With horse rugs, weight means the thickness of the lining, not the total weight of the rug. This would also depend on the size of the rug. The weight of the lining is given in grams per square metre. Unlined rain covers therefore have a weight of 0 g/m². Lightly lined rugs start at 50 g/m". Turnout, cooler and stable rugs are between 50 and 250 g/m". Winter rugs start at 300 g/m². They usually reach up to 600 g/m². However, there are also rugs for extreme temperatures that have fillings of up to 800 g/m².
In summer you only need a cooler rug and possibly a rain rug. In spring and autumn, a lightly lined turnout rug is appropriate, especially if your horse is clipped. The type of winter rug your horse needs depends on whether or not it's clipped and whether it's is kept in an open stable. A clipped horse in an open stable needs a winter rug with a thicker filling than an unshorn animal in a stall. At temperatures below 5°C you should cover a clipped horse with a winter rug with a filling of approx. 300 grams.
If the temperature drops significantly below 0°C, a thicker winter rug would be better. However, the winter rug should not be too thick or the horse will sweat under it. In European latitudes, winter rugs up to 600 g/m² are perfectly adequate. Even in winter, an unshorn horse needs a waterproof, windproof, lined rain rug rather than a winter rug. The cold alone does not bother the horse, but wind and rain do.
Every horse owner should have a cooler rug. If your horse is not clipped and is stabled indoors, this is usually sufficient. For a clipped horse and for animals in an open stable, however, you need more rugs. As practical as a clipped horse is on the one hand, it also gets cold quickly. Therefore, you should have several rugs of different thicknesses for such an animal.

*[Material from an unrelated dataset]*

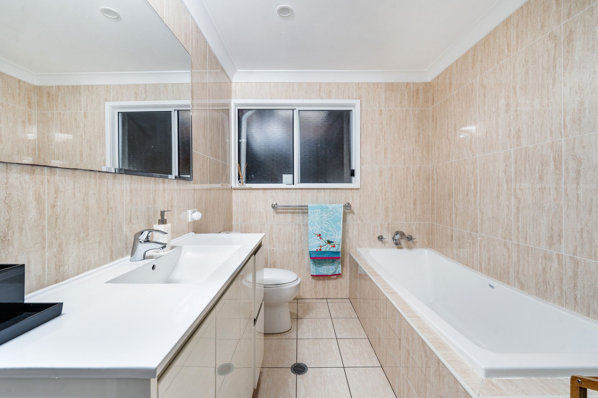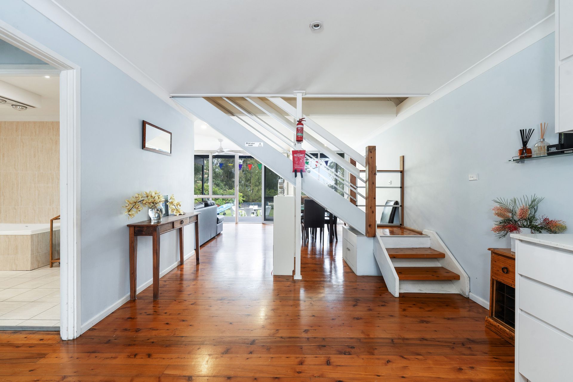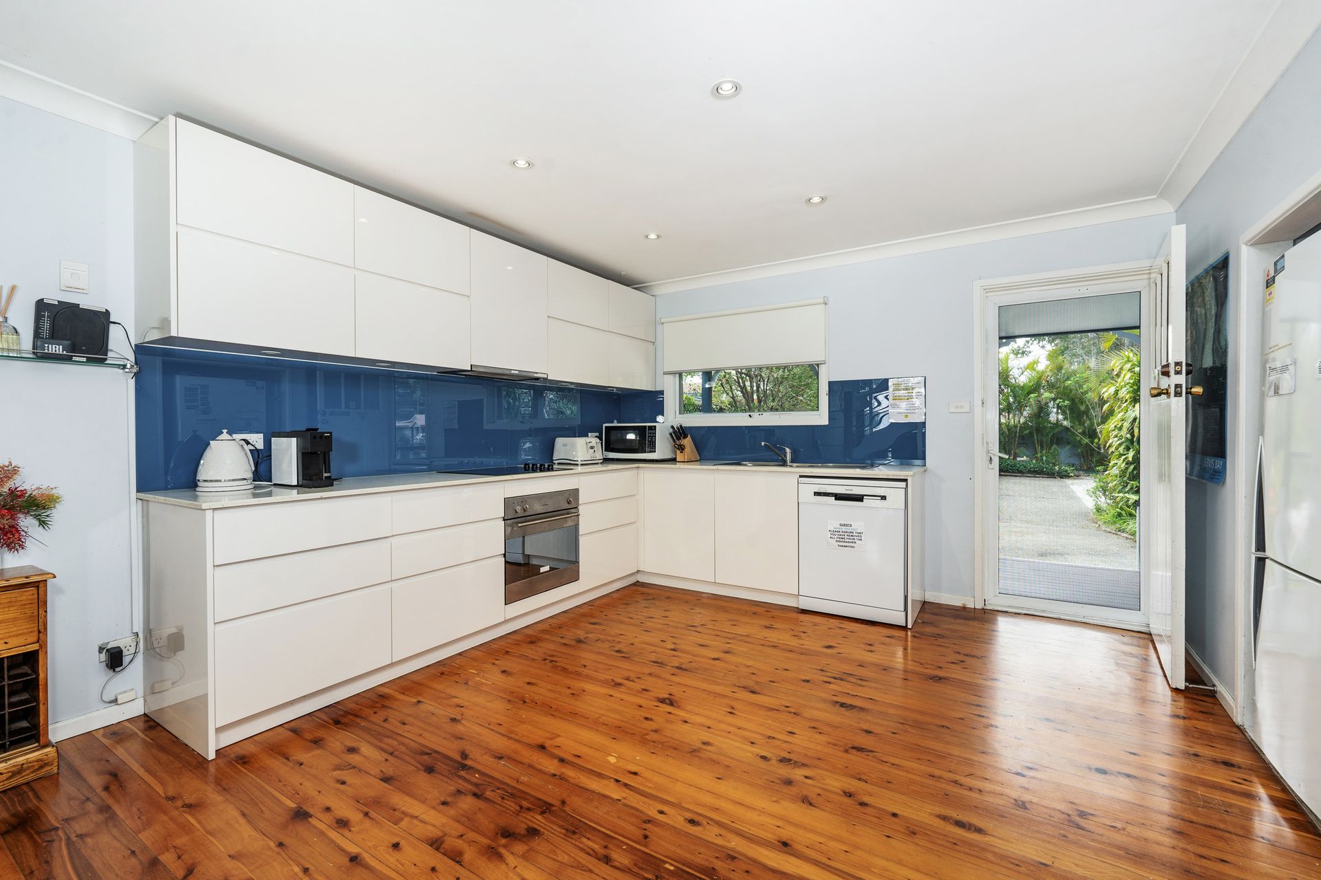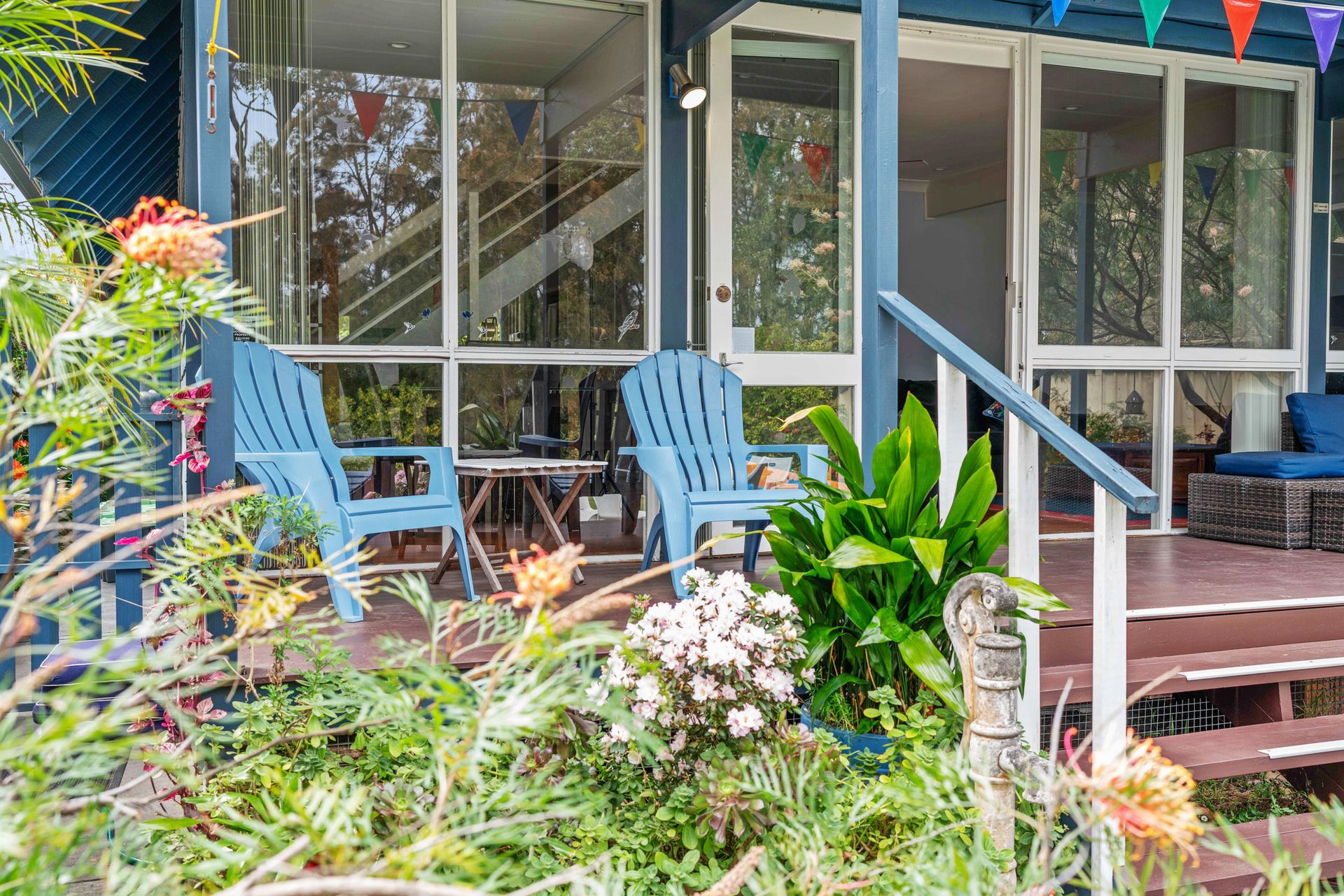 On the roadside entry to the property there is a walled-in tropical garden and circular driveway providing security and privacy. This area is ideal for dogs as the fences are very high. On the lake side, the garden has a lower fence and a gate opening to the reserve/lake, and a walking / bike track which goes for kilometres. There is a lake side deck looking out towards the water with a comfortable outdoor lounge setting, table and chairs. Sunroom / BBQ Area - There is newly renovated smaller bathroom with a vanity, shower and toilet; ideal for use after swimming in the lake.

It is especially important for open stables that the rugs are waterproof and breathable. Then you can usually leave them on the horse all day without hesitation. In spring and summer, a fly sheet can be useful for grazing. Horses suffering from summer eczema should definitely be protected by such a rug. If you often transport your horse in a trailer, a transport rug can be useful. For occasional transport, however, a sweat rug is also sufficient.

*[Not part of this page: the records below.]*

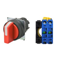 セレクタスイッチ(φ22), 非照光, 3ノッチ, 樹脂ベゼル, 右に自動復帰, 操作部色: 赤(不透明), IP66, ねじ端子台, 接点構成: NO/NO/-
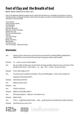 Each of the following sketches (scenes) can be used to form the basis for a complete act of worship or used as individual scenes on separate occasions. Each scene will require a narrator to read the linking text as well as the characters in the scene itself.
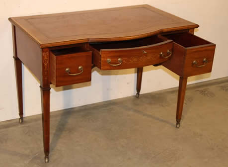 Description English Sheraton style desk with breakfront shaped drawers and lovely inlay and ornate gilt brass handles.
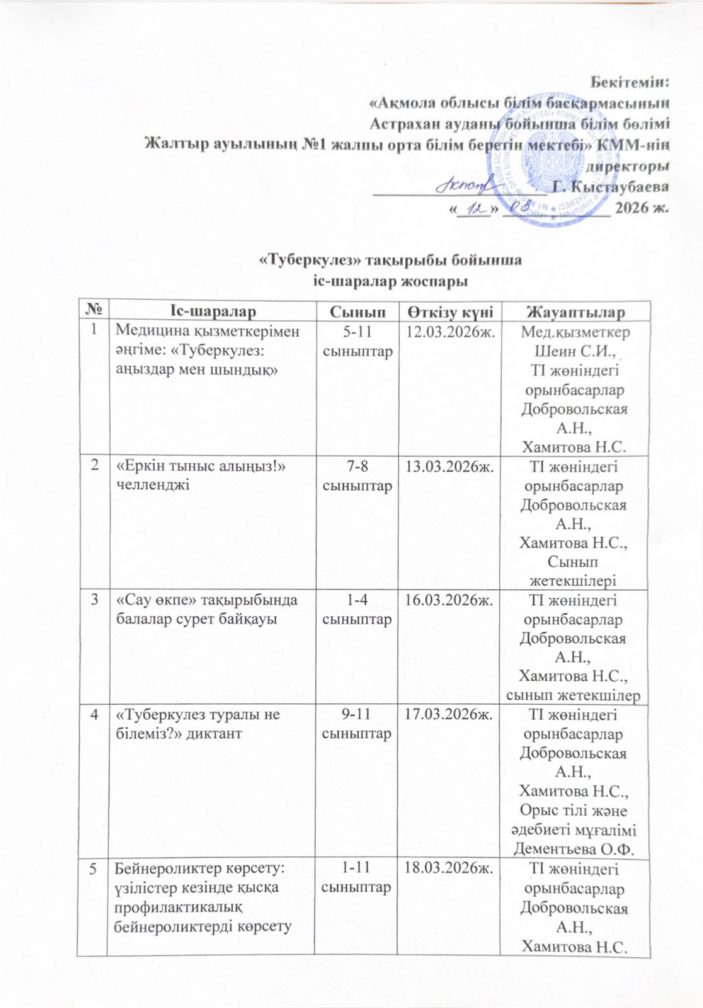 "Туберкулез" тақырыбы бойынша іс-шаралар жоспары

To find the right size rug, measure the length of your horse from the withers to the base of the tail. The lengths of horse rugs vary in 10 cm increments. Therefore, it is usually no problem to find a suitable horse rug. This only becomes problematic if your horse is particularly thin or extremely stout. With very thin horses, the neckline is usually too big. This causes the rug to slip down the back. A cut neck can solve the problem.
If your horse is very stout or if it is a stallion with an appropriate neck, the neckline is often too tight. This makes the rug very uncomfortable for the horse and it may try to pull it off. In this case, a chest expansion helps. This is a small piece of rug that is buckled in the chest area and increases the size of the neckline.
Horseflies can become a real nuisance on rides, in the paddock or in an open stable. The animals then become restless, beat their heads and kick. Fly sheets, preferably with a neck piece, protect the largest part of the horse's body from these pests. The fly sheet material is usually treated with an insect repellent spray. An additional fly mask protects the horse's head when out in the pasture or in an open stable.
For riding out, fly riding rugs in combination with ear bonnets or fly veils are ideal. They can be quickly and easily thrown on the saddled horse and thus allow a relaxed ride despite buzzing pests. Due to recesses in the saddle position and in the area of the rider's thigh, it fits both at a walk and on faster rides at a canter without slipping or the rider's spurs getting tangled in the mesh.